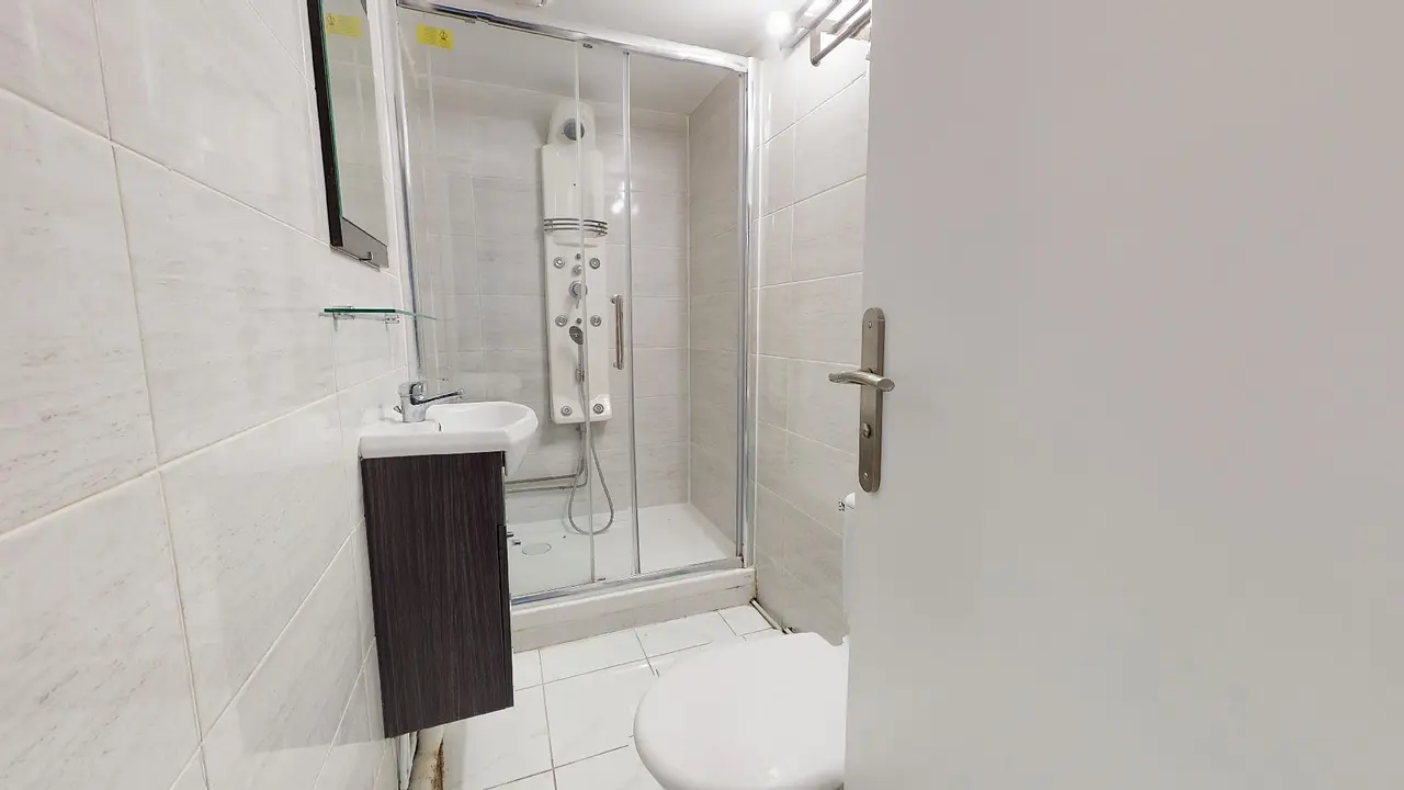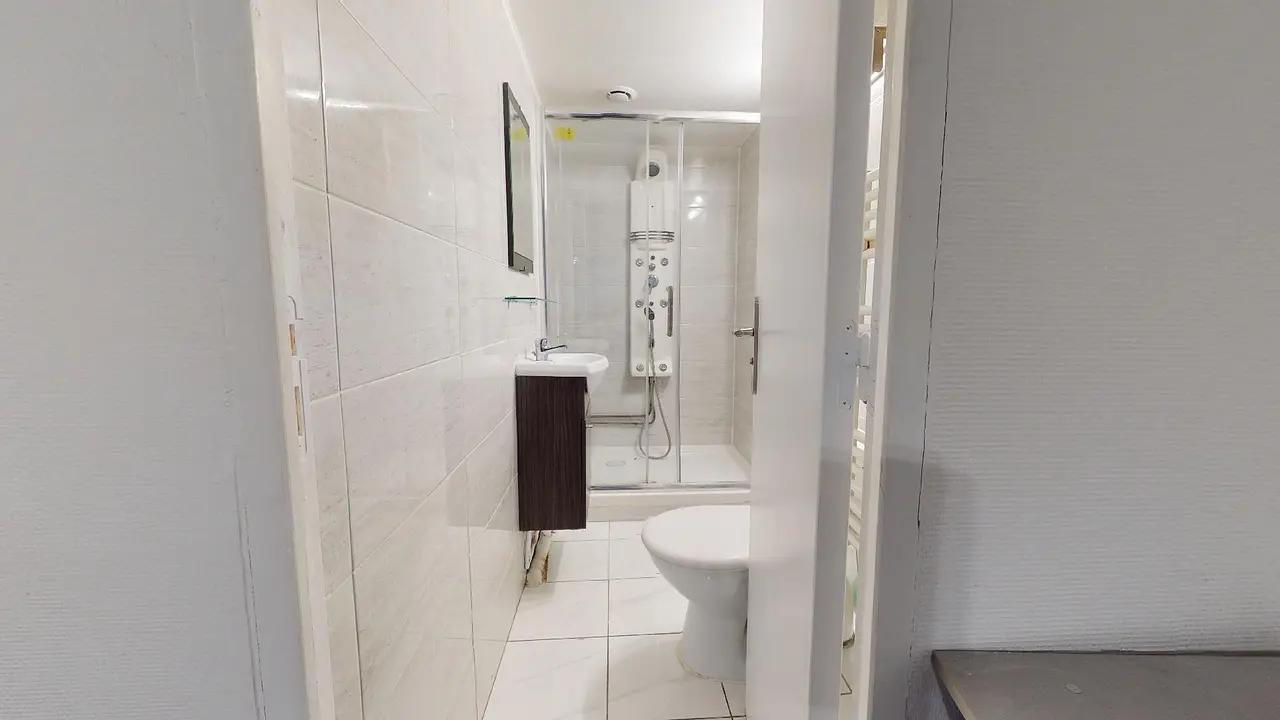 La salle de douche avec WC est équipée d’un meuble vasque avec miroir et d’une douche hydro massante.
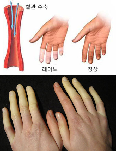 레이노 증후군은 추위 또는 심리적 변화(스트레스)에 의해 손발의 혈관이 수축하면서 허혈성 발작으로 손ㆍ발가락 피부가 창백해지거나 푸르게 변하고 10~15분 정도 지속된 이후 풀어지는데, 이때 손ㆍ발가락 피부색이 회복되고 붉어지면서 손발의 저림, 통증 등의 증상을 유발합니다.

* * *

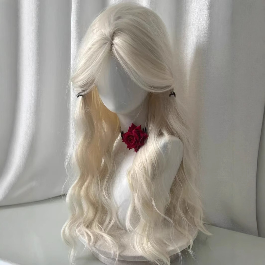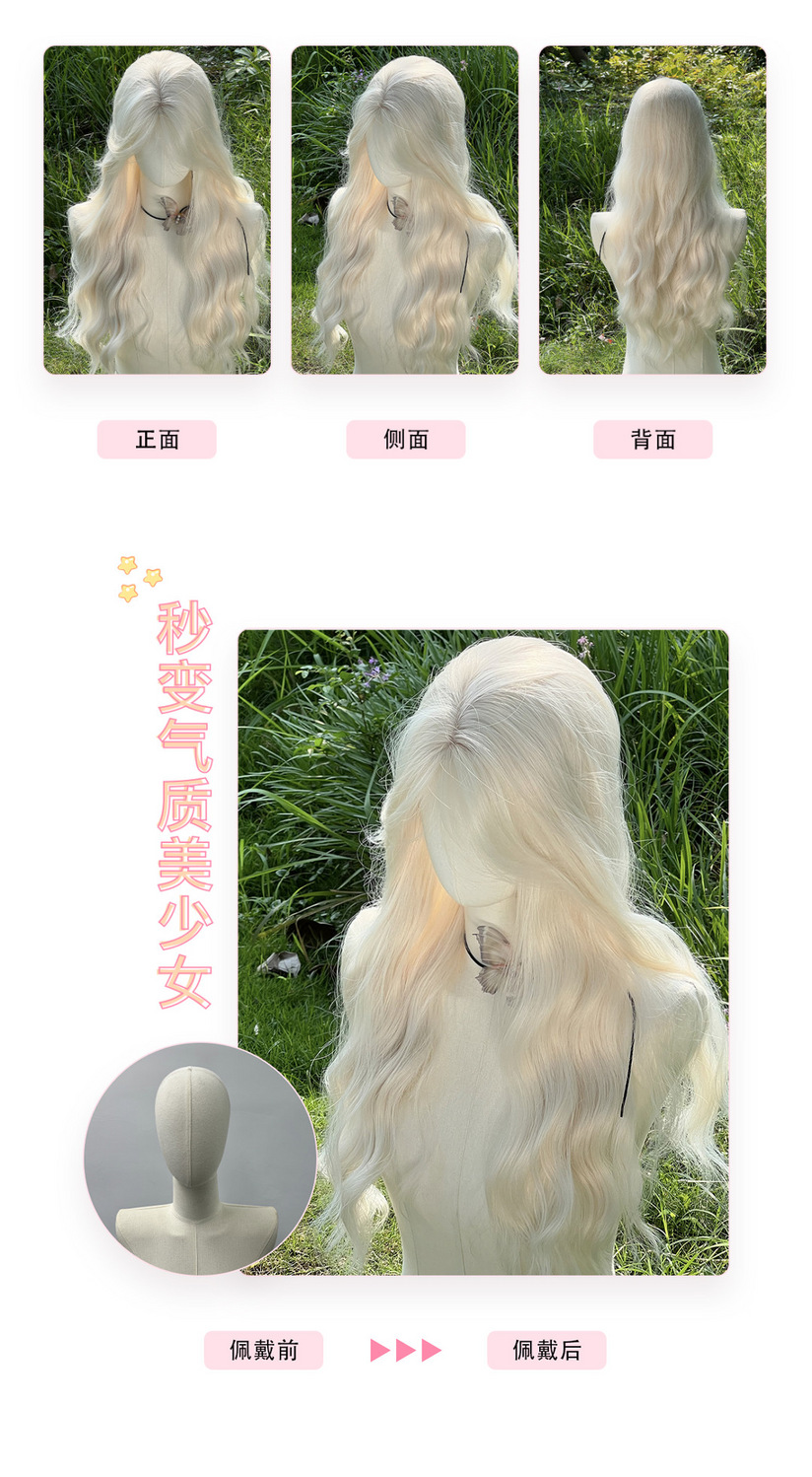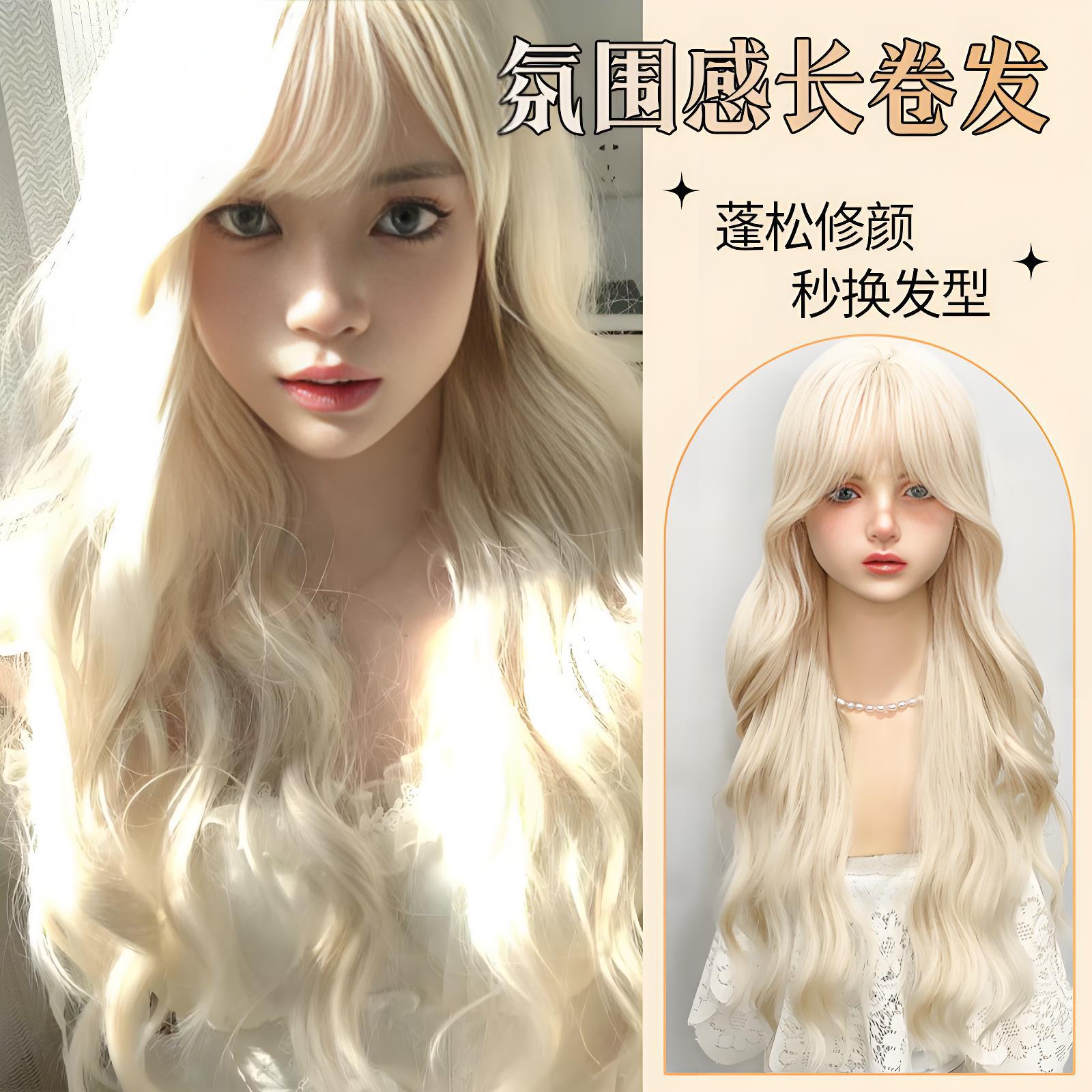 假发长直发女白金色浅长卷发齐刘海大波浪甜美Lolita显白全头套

--

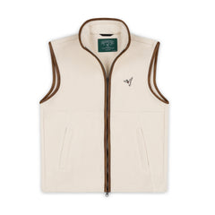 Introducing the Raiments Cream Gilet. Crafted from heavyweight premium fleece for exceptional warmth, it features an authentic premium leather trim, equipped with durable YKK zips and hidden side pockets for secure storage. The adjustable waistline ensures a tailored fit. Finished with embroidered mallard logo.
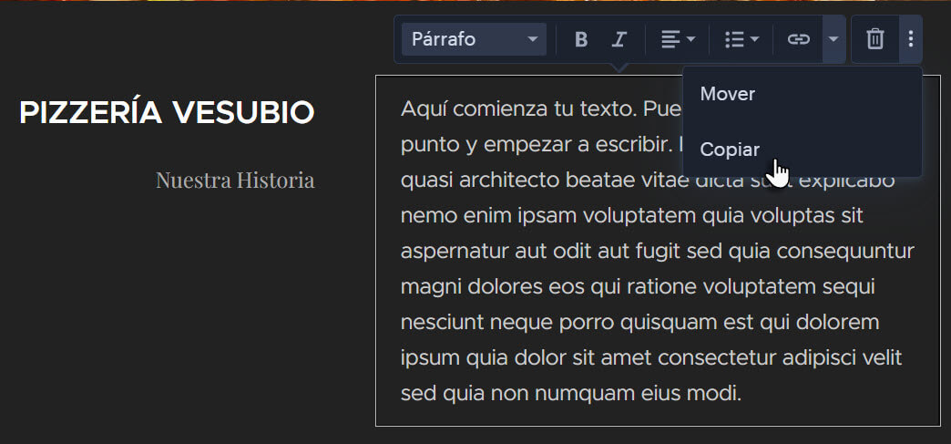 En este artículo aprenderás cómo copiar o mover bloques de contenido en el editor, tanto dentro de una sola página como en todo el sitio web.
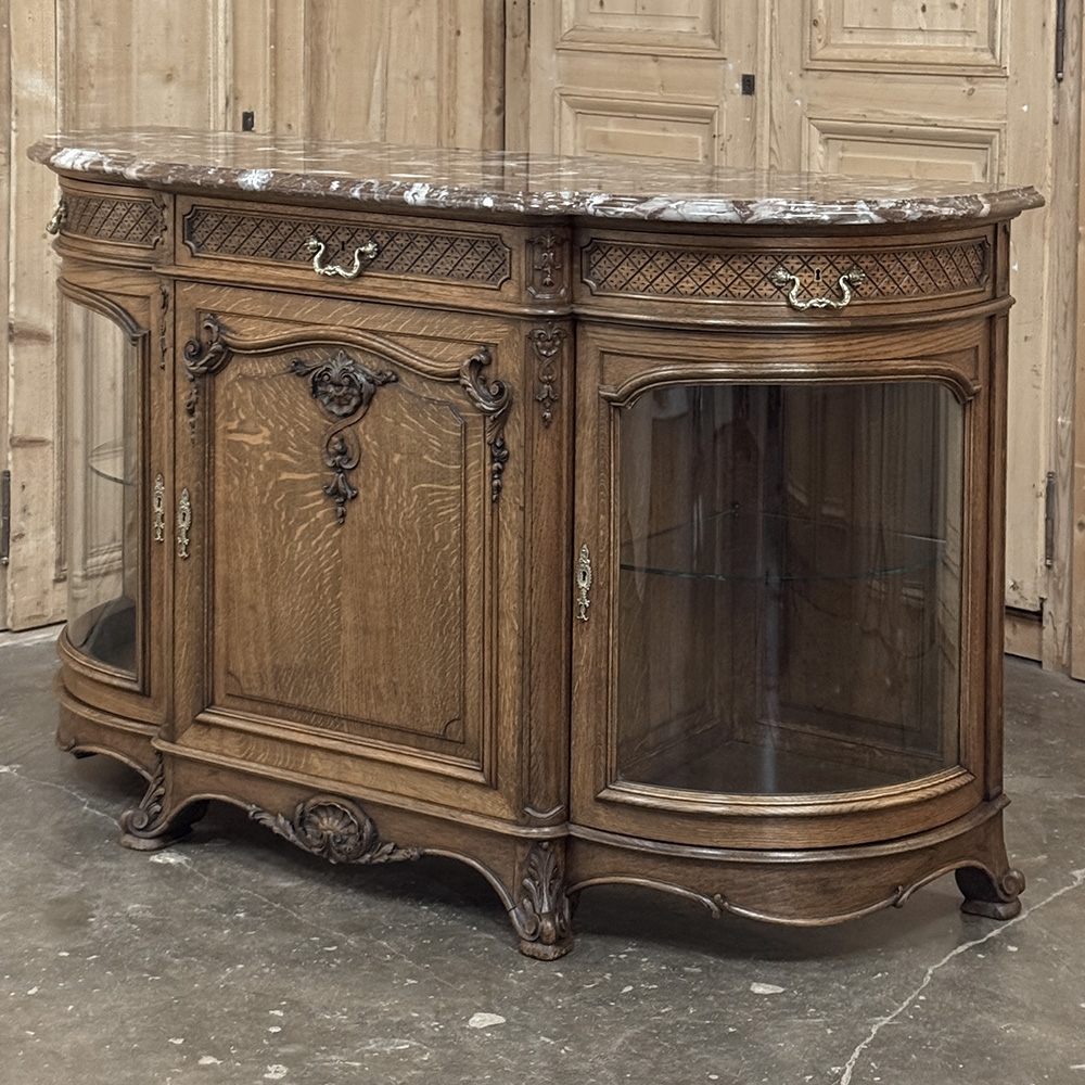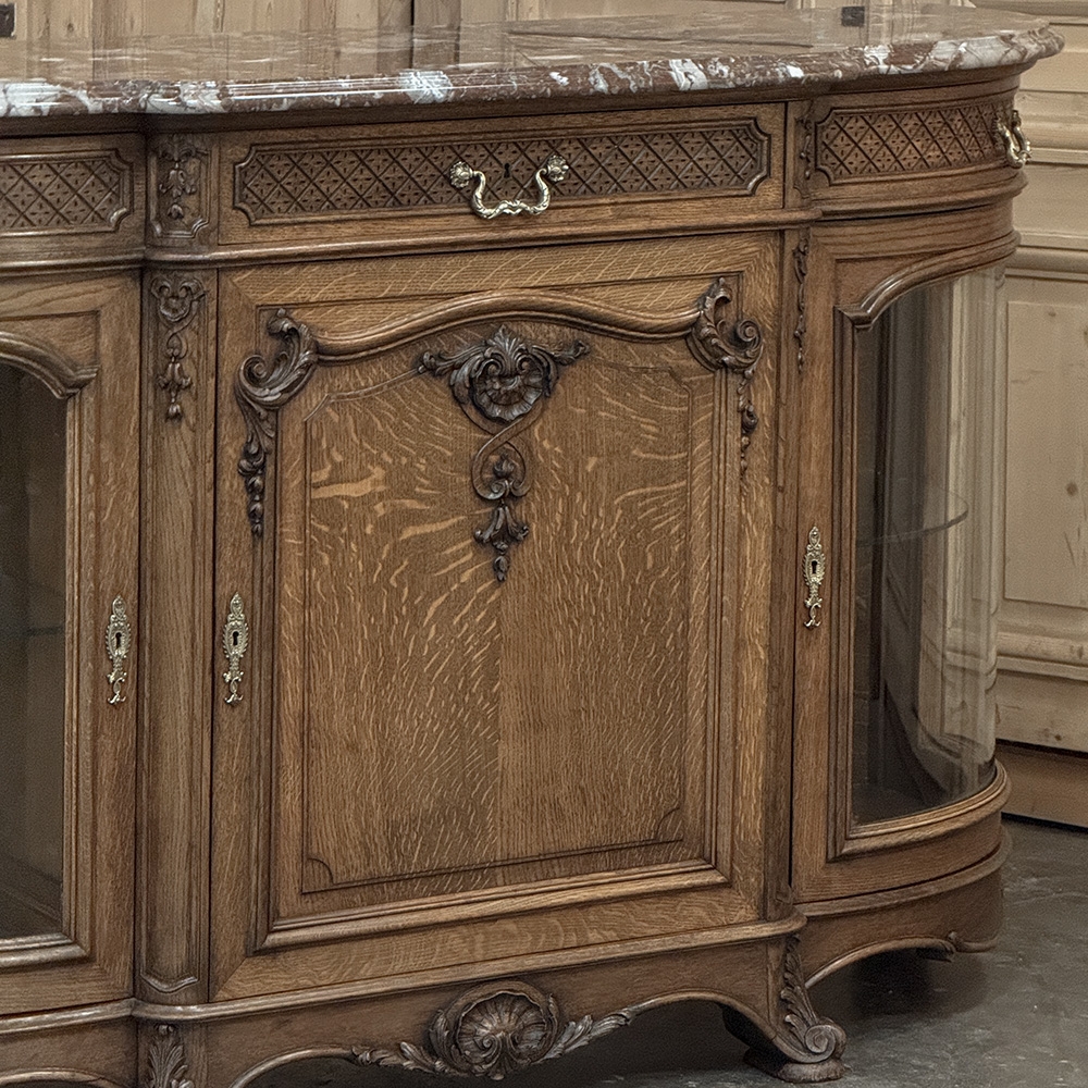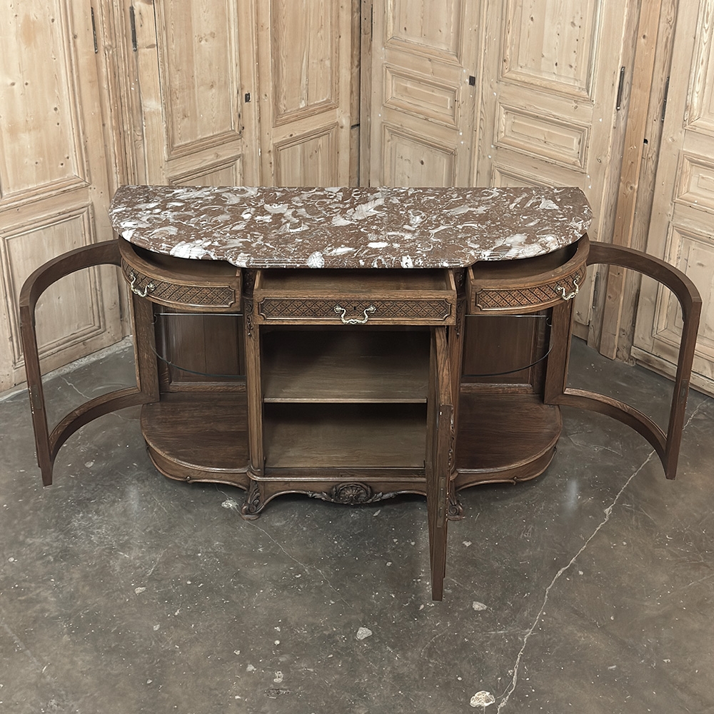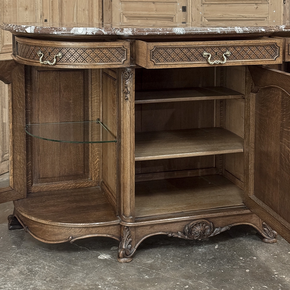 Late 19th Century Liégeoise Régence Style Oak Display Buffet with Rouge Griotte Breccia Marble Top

▸ **TASK DESCRIPTION**:
Using the entries above, transcribe every line from the line containing "La salle de" through the line containing "레이노 증후군은 추위". Do not copy pictures.

▸ **YOUR RESPONSE**:
 La salle de douche avec WC est équipée d’un meuble vasque avec miroir et d’une douche hydro massante.
 레이노 증후군은 추위 또는 심리적 변화(스트레스)에 의해 손발의 혈관이 수축하면서 허혈성 발작으로 손ㆍ발가락 피부가 창백해지거나 푸르게 변하고 10~15분 정도 지속된 이후 풀어지는데, 이때 손ㆍ발가락 피부색이 회복되고 붉어지면서 손발의 저림, 통증 등의 증상을 유발합니다.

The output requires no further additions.